Le principe de gratuité de la médecine pour les soins courants n’a aucune justification économique ni sociale ; il ne participe que de la course à la démagogie politique. La mutualisation des dépenses de santé en France est déjà très élevée, avec un reste à charge limité à 8 %. Sa systématisation amplifiera les dysfonctionnements croissants de notre système de santé au lieu de les régler : la dégradation et l’hétérogénéité de la qualité des soins ; l’inefficacité des dépenses, dont 25 % sont non pertinentes, notamment du fait de la déliquescence des hôpitaux publics ; les inégalités d’accès aux soins résultant de la multiplication des déserts médicaux ; l’indigence de la prévention, qui ne mobilise que 1,9 % des dépenses, contre 3 % dans l’Union européenne ; le déclin de la recherche ; le déséquilibre financier structurel avec la superposition de 165 milliards d’euros de déficits cumulés de l’assurance-maladie depuis 2000 et d’une dette de 30 milliards pour les hôpitaux publics.
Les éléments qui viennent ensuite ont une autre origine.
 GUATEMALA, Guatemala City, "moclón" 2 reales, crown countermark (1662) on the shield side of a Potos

Le principe du reste à charge zéro interdira par ailleurs de répondre aux défis du futur. En 2070, la France comptera 76 millions d’habitants, dont 28,7 % auront plus de 65 ans, ce qui ira de pair avec la hausse de la dépendance et des maladies dégénératives. Défi de l’hyperspécialisation de la médecine et de ses métiers. Défi technologique d’une médecine prédictive, robotisée et individualisée. Défi sociétal lié à la modification des comportements et des attentes des patients face aux systèmes et aux professionnels de la santé. Ces différents phénomènes impliquent une progression des dépenses de l’ordre de 3 % par an si l’on veut garantir l’accès aux soins et leur qualité.
Agnès Buzyn a raison de dire que le système de santé français est arrivé en bout de course. Mais le reste à charge zéro constitue la pire façon de le restructurer, en l’organisant autour du coût de l’assurance et non de la qualité des soins, en privilégiant le curatif et non la prévention, en se concentrant sur la maladie et non sur la santé. À l’inverse, l’Allemagne ou la Suède ont réussi à maîtriser les coûts pour les patients comme pour la collectivité en plaçant au cœur de la politique de santé la prévention et l’amélioration de la qualité des soins.
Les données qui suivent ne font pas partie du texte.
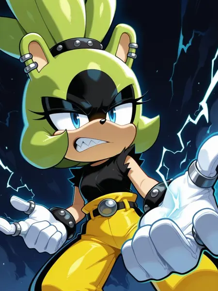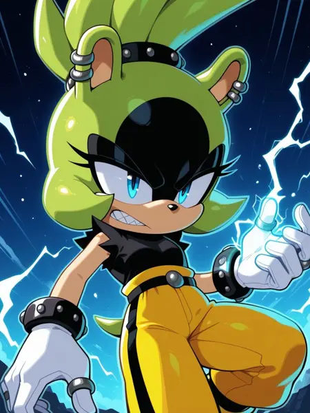 Surge The Tenrec, Green Fur, Black Face, Blue Eyes, Topknot, Ponytail, Studded Hair Tie, Studded Wristband, White Gloves, Black Shirt, Ripped Sleeves, Belt, Baggy Yellow Pants, Yellow Sneakers, Multiple Rings, Ear Piercing, Sharp Teeth, Electrokinesis,

Notre système doit être repensé à partir de trois priorités : la gestion active des risques par la prévention, la multiplication des plateformes de service et la diffusion d’une éducation à la santé publique, notamment pour décourager les addictions ; la reconstitution d’une offre accessible et de qualité autour de parcours de soins, d’un financement à la performance, de la transparence sur les résultats des structures et des professionnels de santé ; l’innovation, avec le développement de l’ambulatoire, la multiplication des robots chirurgiens, la libération des données médicales accaparées par la Caisse nationale d’assurance-maladie, l’assouplissement du cadre réglementaire pour les essais cliniques et l’encouragement des biotechnologies.
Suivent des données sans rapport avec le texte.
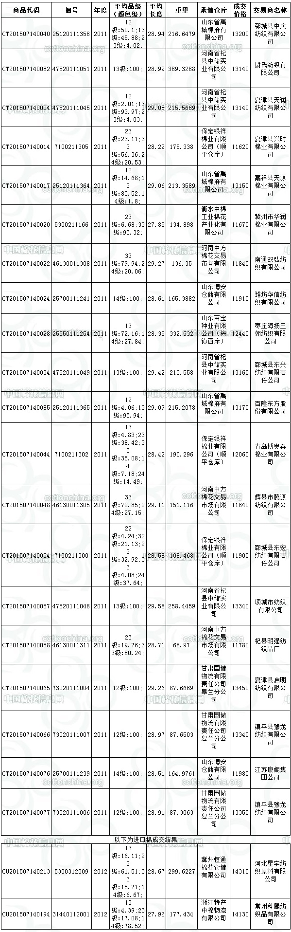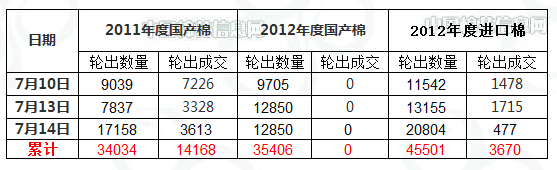 7月14日進(jìn)口棉受冷落 成交比例下降

Dans l’économie soviétique, le rapport salarial était ainsi défini : « Nous, on fait semblant de travailler et eux font semblant de nous payer. » La gouvernance du système de santé par le reste à charge zéro obéit à la même logique : « Nous, on fait semblant de payer et eux font semblant de nous soigner. » La santé n’a pas de prix, mais elle a un coût. Faire croire qu’elle doit être gratuite pour tous et pour tout, c’est condamner les Français à une santé à bas coût.